§ **Aim of the exercise**: Word for word, return the lines below from the first through the line that has "2015年轎頂山首屆漢服文化", dropping the pictures.

※ ※ ※

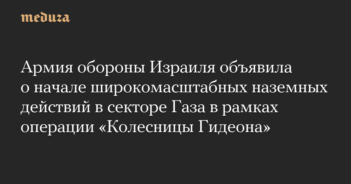Армия обороны Израиля объявила о начале «широкомасштабных наземных действий» на севере и юге сектора Газа в рамках операции «Колесницы Гидеона», сообщили в пресс-службе ЦАХАЛ.
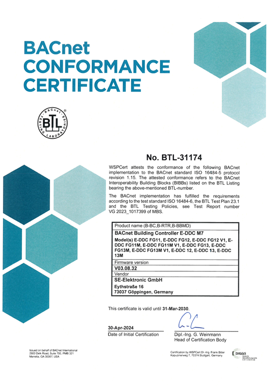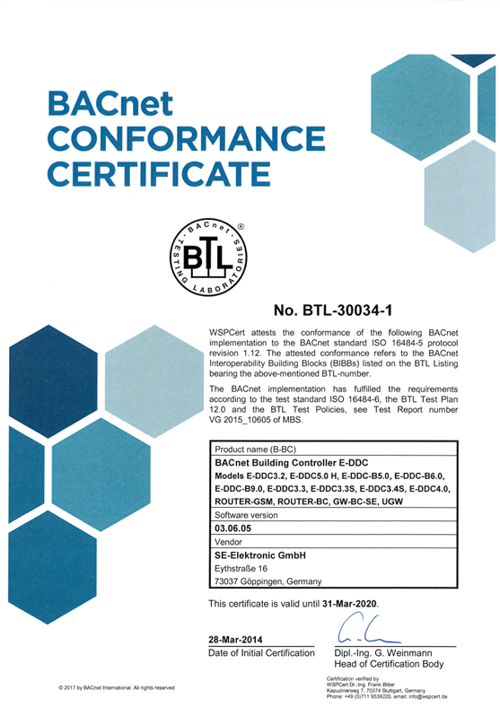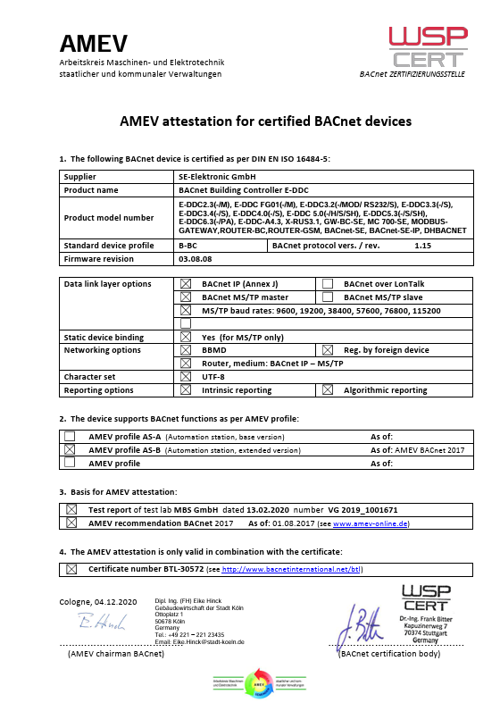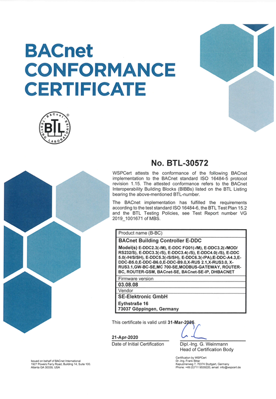Hier finden Sie die aktuellen BACnet-Zertifikate unserer Geräte nach dem BACnet-Standard ISO 16484-5:2017, BACnetBuildingController E-DDC Rev. 12: BACnet-Zertifikat Rev. 15: BACnet-Zertifikat BACnetBuildingController E-DDC M7 Rev. 15: BACnet-Zertifikat BACnetAdvancedApplication Controller M-DDC Rev. 15: BACnet-Zertifikat
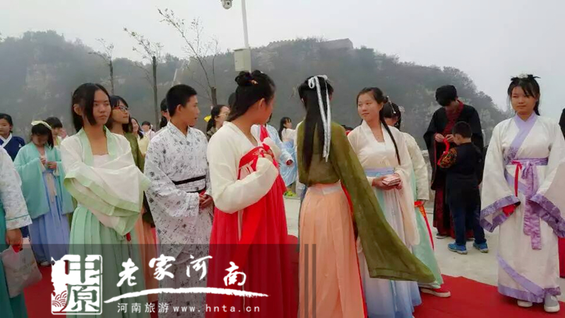 2015年轎頂山首屆漢服文化旅游節(jié)于10月18日在新鄉(xiāng)市輝縣轎頂山旅游景區(qū)成功舉辦。此次漢服文化旅游節(jié)活動(dòng),轎頂山景區(qū)推出漢服祈福轎頂山、漢服等轎頂、器樂(lè)演奏、禪茶雅集、篝火晚會(huì)等豐富多彩的文化活動(dòng)。活動(dòng)期間許多游客親自參與漢服祈福轎頂山祈;顒(dòng),感受漢服魅力,傳承漢服文化。
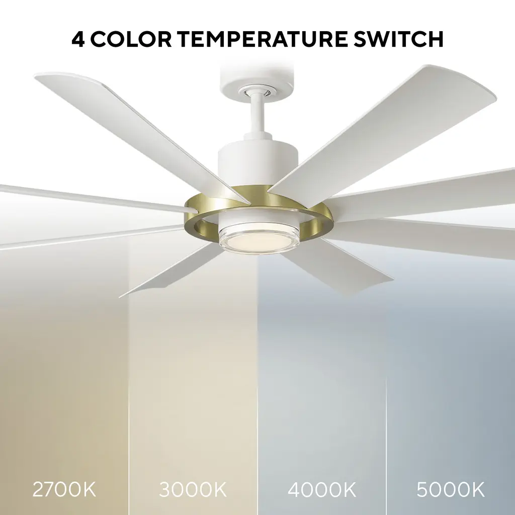 The sublime Aura Smart Ceiling Fan by Modern Forms defines the look and performance you desire in your bedroom, dining, or living area. A 60-inch sweep and a broad array of eight blades transport a swiftly moving surge of air across your room from an overhead silhouette with a cool cutting edge. Each blade is expertly engineered with a subtle curve to push a relaxed, comfortable breeze down over the room. Your remote control will commission one of its six speeds and drive the engine of comfort into your home.
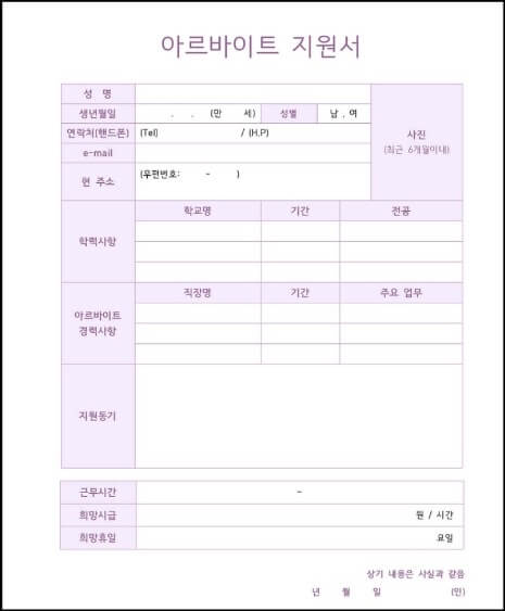 아르바이트를 할 때 필요한 이력서와 고용노동부에서 추천하는 이력서 또한 아래에 hwp 파일로 첨부해 둘 테니 필요시 다운 받아서 사용하면 된다.
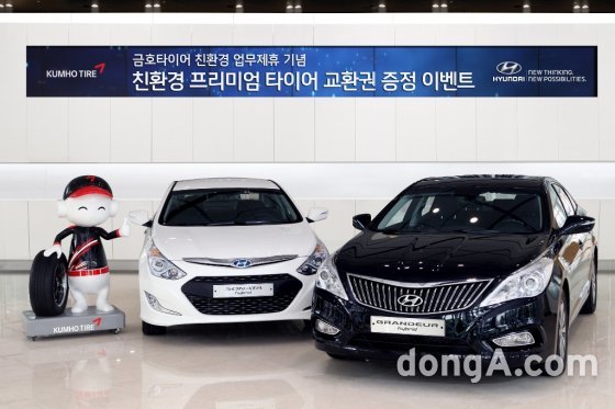 이를 위해 현대차는 금호타이어와 업무협약을 체결하고 7~9월에 쏘나타 하이브리드를 구입하는 고객에게는 ‘에코윙 S’ 그랜저 하이브리드를 구입하는 고객에게는 ‘솔루스 TA31’ 2개를 출고 후 1~3년 내에 무상으로 교체할 수 있는 교환권을 제공한다.

※ ※ ※

§ **Written response**:
Армия обороны Израиля объявила о начале «широкомасштабных наземных действий» на севере и юге сектора Газа в рамках операции «Колесницы Гидеона», сообщили в пресс-службе ЦАХАЛ.
Hier finden Sie die aktuellen BACnet-Zertifikate unserer Geräte nach dem BACnet-Standard ISO 16484-5:2017, BACnetBuildingController E-DDC Rev. 12: BACnet-Zertifikat Rev. 15: BACnet-Zertifikat BACnetBuildingController E-DDC M7 Rev. 15: BACnet-Zertifikat BACnetAdvancedApplication Controller M-DDC Rev. 15: BACnet-Zertifikat
 2015年轎頂山首屆漢服文化旅游節(jié)于10月18日在新鄉(xiāng)市輝縣轎頂山旅游景區(qū)成功舉辦。此次漢服文化旅游節(jié)活動(dòng),轎頂山景區(qū)推出漢服祈福轎頂山、漢服等轎頂、器樂(lè)演奏、禪茶雅集、篝火晚會(huì)等豐富多彩的文化活動(dòng)。活動(dòng)期間許多游客親自參與漢服祈福轎頂山祈;顒(dòng),感受漢服魅力,傳承漢服文化。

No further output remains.